A wet year or a well-placed hurricane could quickly pull these regions back from the brink. But winter rains have disappointed so far. Monday’s downpours are the first in weeks for parts of the state and they won’t hit the watersheds that need them most.
Looking ahead, forecasters increasingly expect another scorching summer here this year.
That’s bad news for places like far South Texas, where big reservoirs on the Lower Rio Grande fell from 33 percent to 23 percent full over the last 12 months. A repeat of similar conditions would leave the reservoirs far lower than they’ve ever been, triggering an emergency response and an international crisis.
“Pretty scary times,” said Jim Darling, president of the Rio Grande Regional Water Authority and former mayor of the city of McAllen. “We’ll see what happens.”

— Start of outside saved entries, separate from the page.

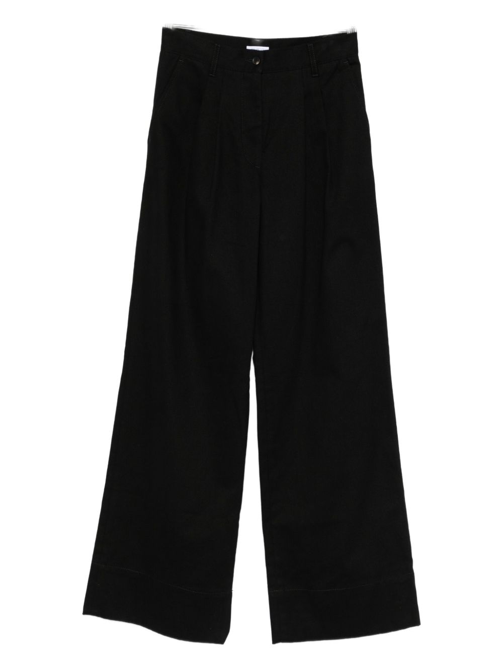 Malo pleated trousers in black, pleats on the front, belt loops, side pockets with stitching, welt back pockets, hidden fastening. Composition: 100% cotton.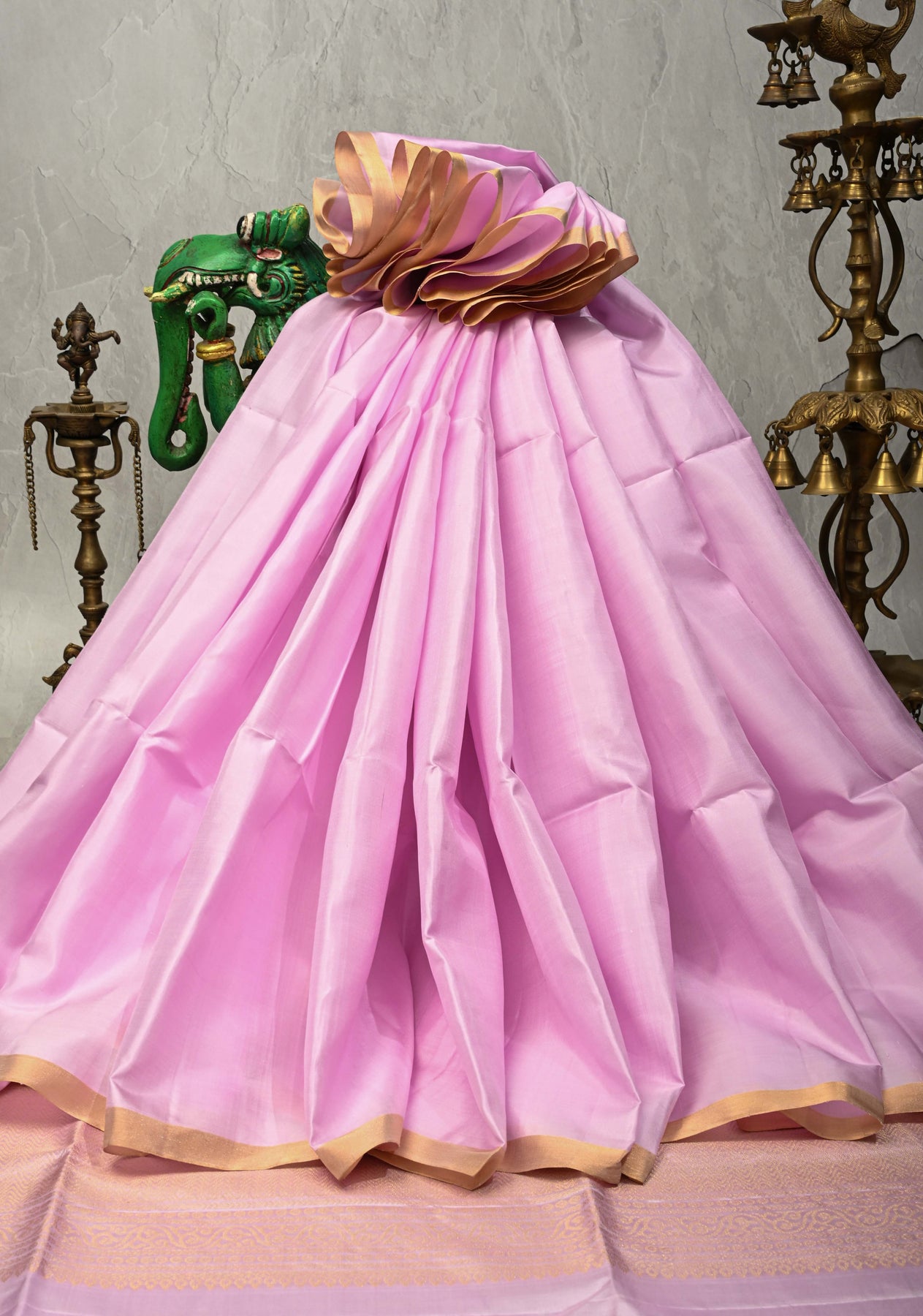 Lilac-Pink Lightweight Pure Kanjivaram Soft Silk Saree with Minimal Tissue Zari Border | SILK MARK CERTIFIED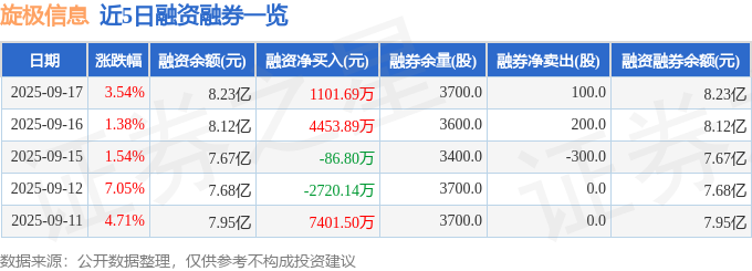旋极信息融资融券信息显示,融资方面,当日融资买入2.11亿元,融资偿还2.0亿元,融资净买入1101.69万元。融券方面,融券卖出100.0股,融券偿还0.0股,融券余量3700.0股,融券余额2.82万元。融资融券余额8.23亿元。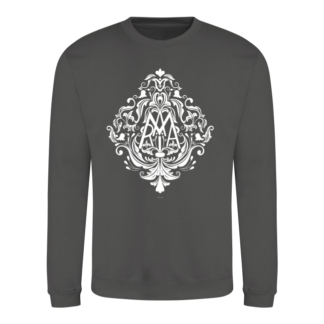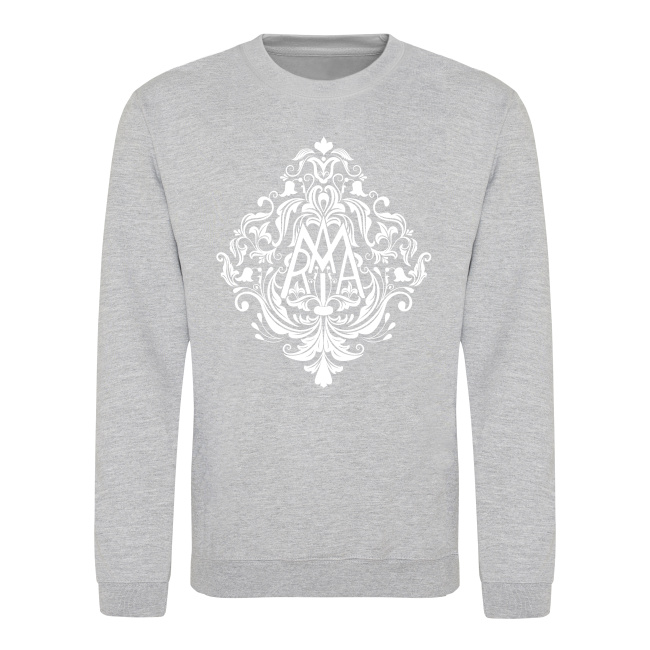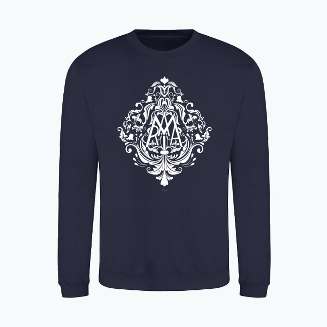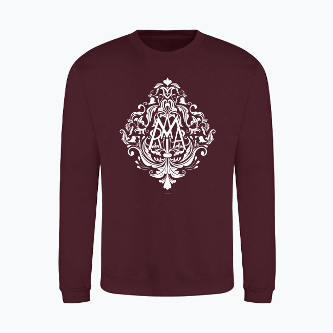 Nadruk prezentuje anagram maryjny – złożenie w jeden znak liter MARYIA – otoczony pięknym, tradycyjnym, barokowym ornamentem roślinnym. Zaprojektowany tak, aby dawał piękne i dyskretne świadectwo.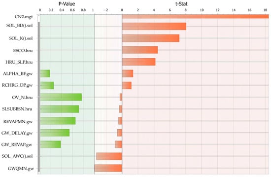 Monthly streamflow records from 2002 to 2010, obtained from the Naranjos hydrological station, were used for calibration, and data from 2011 to 2016 supported the validation process. The calibration was carried out in SWAT-CUP version 5.1.6, focusing on sensitivity analysis to identify the most influential parameters in the basin. Using the SUFI-2 algorithm, as applied in previous studies [15,26,74], fourteen parameter options were selected, where the sensitivity of each parameter was assessed based on p-values and t-statistics, measures commonly used to evaluate performance in hydrological models employing SWAT-CUP [74,75].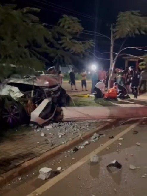 Com a força do impacto, o poste foi completamente destruído e caiu no canteiro central da rodovia. Equipes do Serviço de Atendimento Móvel de Urgência (Samu) prestaram os primeiros socorros às vítimas, que foram encaminhadas ao hospital conscientes.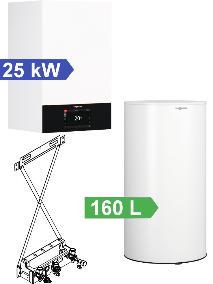 25 kW Gas-Brennwerttherme mit nebengestelltem hocheffizientem 160 Liter Speicher, Regelung, WLAN, ADG und Anschlusszubehör.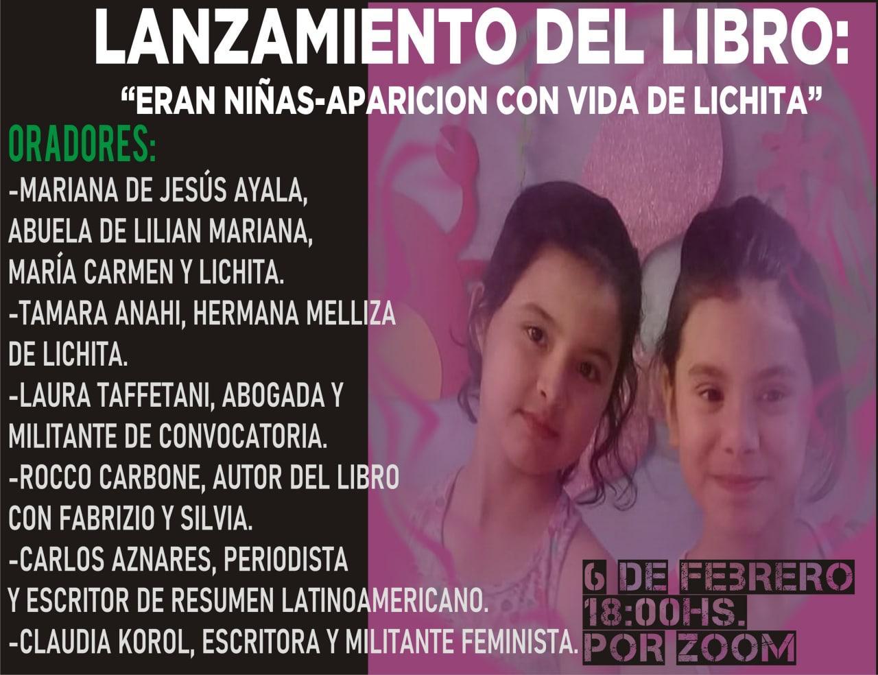 Lanzamiento virtual del libro «Eran niñas- Aparición con vida de Lichita. Por la plataforma Zoom, el próximo 6 de febrero a las 18 horas.

Worries stretch beyond the Rio Grande. In Corpus Christi, on the South Texas coast, authorities last month stopped releasing water aimed at maintaining minimum viable ecology in the coastal wetlands, even as oil refineries and chemical plants remain exempt from water use restrictions during drought.
Also last month, in the sprawling suburbs of Central Texas, between Austin and San Antonio, one groundwater district declared stage 4 drought for the first time in its 36-year history.
Texans don’t usually talk about drought in the winter. Damp soil and green grass may conceal the impending predicament today, but water planners in regions with low reserves nervously await what summer may bring.
“Signs are not favorable,” said Greg Waller, a coordinating hydrologist with the National Oceanic and Atmospheric Administration in Fort Worth. “Expect warmer and drier, again.”
Winter and spring rains offer the best hope for relief, he said, but weather patterns so far haven’t produced the sustained downpours needed to refill reservoirs.
Drought conditions in 2022 and 2023 struck with markedly acute severity. Last year was the hottest on record for Texas—and the Earth, according to NOAA—after a global heatwave shattered temperature records around the world.
These patterns, Waller said, are consistent with scientific understanding of climate change caused by carbon emissions.
“Climate change means the extremes are going to get more extreme,” he said. “The heat waves are going to get more heat. The droughts are going to get droughty-er and the floods are going to get floody-er.”
Texas rainfall typically peaks in May. If relief doesn’t come by then, some places will need to start bracing for impact.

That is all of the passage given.